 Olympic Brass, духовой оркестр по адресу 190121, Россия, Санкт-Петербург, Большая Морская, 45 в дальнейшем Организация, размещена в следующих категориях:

==

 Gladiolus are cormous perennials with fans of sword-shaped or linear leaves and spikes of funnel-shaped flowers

...

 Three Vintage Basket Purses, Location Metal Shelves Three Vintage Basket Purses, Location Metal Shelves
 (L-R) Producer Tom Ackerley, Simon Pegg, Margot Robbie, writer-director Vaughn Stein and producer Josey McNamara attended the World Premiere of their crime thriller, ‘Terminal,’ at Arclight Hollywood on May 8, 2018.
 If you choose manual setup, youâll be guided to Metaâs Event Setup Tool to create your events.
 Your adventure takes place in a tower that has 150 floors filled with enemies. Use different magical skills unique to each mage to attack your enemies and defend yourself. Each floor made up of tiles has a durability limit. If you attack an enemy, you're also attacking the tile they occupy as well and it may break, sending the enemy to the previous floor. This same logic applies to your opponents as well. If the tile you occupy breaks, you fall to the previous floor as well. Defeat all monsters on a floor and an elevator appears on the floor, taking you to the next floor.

- [TASK TO COMPLETE]
Each line above that carries the string "with" has to be returned.

- [WORKED SOLUTION]
 Gladiolus are cormous perennials with fans of sword-shaped or linear leaves and spikes of funnel-shaped flowers
 Your adventure takes place in a tower that has 150 floors filled with enemies. Use different magical skills unique to each mage to attack your enemies and defend yourself. Each floor made up of tiles has a durability limit. If you attack an enemy, you're also attacking the tile they occupy as well and it may break, sending the enemy to the previous floor. This same logic applies to your opponents as well. If the tile you occupy breaks, you fall to the previous floor as well. Defeat all monsters on a floor and an elevator appears on the floor, taking you to the next floor.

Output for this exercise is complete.